**EXERCISE GOAL**
When you reach the line containing "Asiento de 40", begin reproducing the material exactly, stop after the line containing "光电管加反向电压情况:P右移", and leave out any pictures along the way.

**EXERCISE MATERIALS**
****************************************

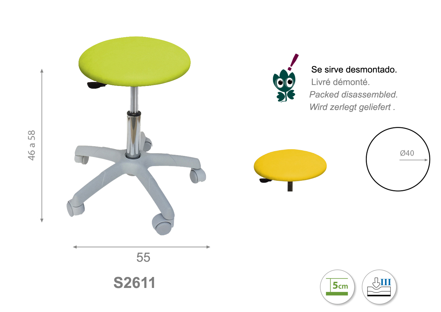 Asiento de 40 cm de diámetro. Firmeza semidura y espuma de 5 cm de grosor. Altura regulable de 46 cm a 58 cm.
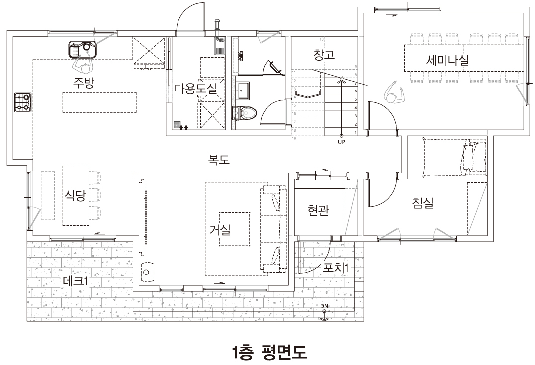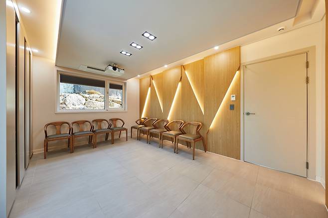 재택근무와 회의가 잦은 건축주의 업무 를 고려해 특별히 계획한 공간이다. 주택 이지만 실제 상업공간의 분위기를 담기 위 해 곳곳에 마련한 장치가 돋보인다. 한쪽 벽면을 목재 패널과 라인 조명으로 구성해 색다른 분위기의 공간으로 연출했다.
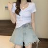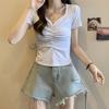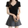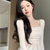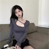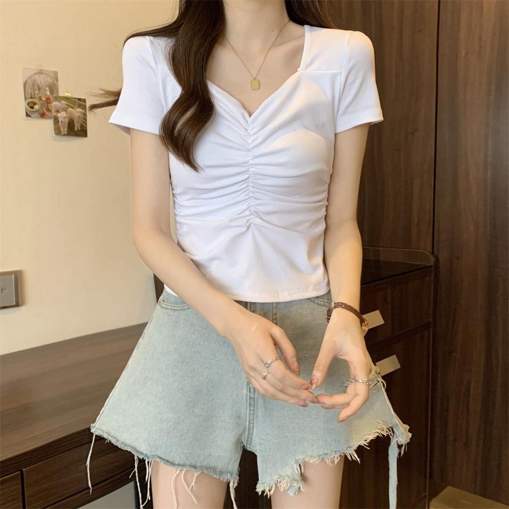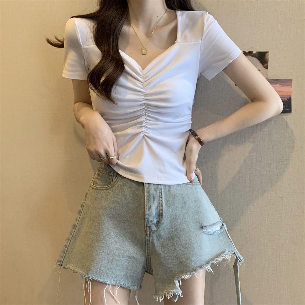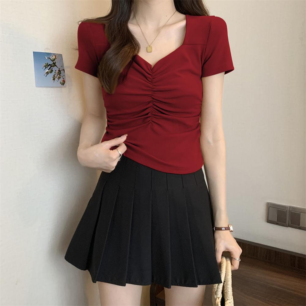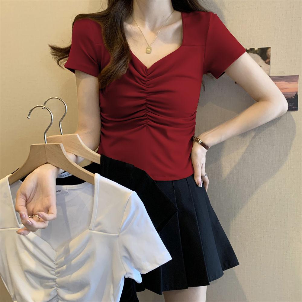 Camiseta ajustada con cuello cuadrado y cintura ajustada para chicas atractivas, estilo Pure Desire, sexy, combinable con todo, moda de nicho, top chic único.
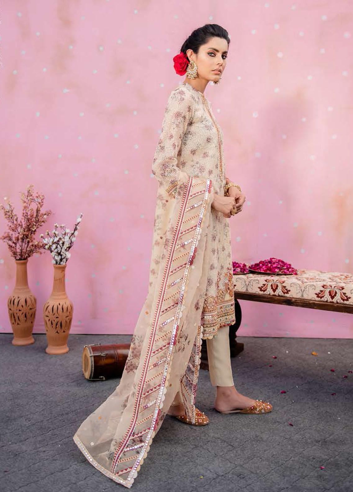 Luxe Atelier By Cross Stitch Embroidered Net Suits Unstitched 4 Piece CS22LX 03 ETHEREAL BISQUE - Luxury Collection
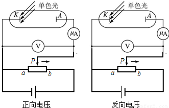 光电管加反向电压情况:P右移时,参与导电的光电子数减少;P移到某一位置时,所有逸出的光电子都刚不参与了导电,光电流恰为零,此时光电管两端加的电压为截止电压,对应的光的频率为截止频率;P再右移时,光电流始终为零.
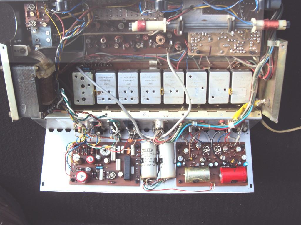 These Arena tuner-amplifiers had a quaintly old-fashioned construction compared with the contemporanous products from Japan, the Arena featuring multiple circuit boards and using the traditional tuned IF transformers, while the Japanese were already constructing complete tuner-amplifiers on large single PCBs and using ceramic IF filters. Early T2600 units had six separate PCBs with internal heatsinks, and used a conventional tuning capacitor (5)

****************************************

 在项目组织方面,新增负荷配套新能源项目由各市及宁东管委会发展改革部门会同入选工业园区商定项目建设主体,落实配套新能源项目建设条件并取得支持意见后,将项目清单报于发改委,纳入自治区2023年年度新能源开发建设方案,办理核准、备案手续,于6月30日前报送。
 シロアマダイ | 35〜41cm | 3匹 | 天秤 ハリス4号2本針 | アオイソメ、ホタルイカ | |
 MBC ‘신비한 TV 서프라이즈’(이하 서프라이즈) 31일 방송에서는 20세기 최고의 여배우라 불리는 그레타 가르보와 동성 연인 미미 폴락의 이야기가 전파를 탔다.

****************************************

**ANSWER BELOW**
 Asiento de 40 cm de diámetro. Firmeza semidura y espuma de 5 cm de grosor. Altura regulable de 46 cm a 58 cm.
 재택근무와 회의가 잦은 건축주의 업무 를 고려해 특별히 계획한 공간이다. 주택 이지만 실제 상업공간의 분위기를 담기 위 해 곳곳에 마련한 장치가 돋보인다. 한쪽 벽면을 목재 패널과 라인 조명으로 구성해 색다른 분위기의 공간으로 연출했다.
 Camiseta ajustada con cuello cuadrado y cintura ajustada para chicas atractivas, estilo Pure Desire, sexy, combinable con todo, moda de nicho, top chic único.
 Luxe Atelier By Cross Stitch Embroidered Net Suits Unstitched 4 Piece CS22LX 03 ETHEREAL BISQUE - Luxury Collection
 光电管加反向电压情况:P右移时,参与导电的光电子数减少;P移到某一位置时,所有逸出的光电子都刚不参与了导电,光电流恰为零,此时光电管两端加的电压为截止电压,对应的光的频率为截止频率;P再右移时,光电流始终为零.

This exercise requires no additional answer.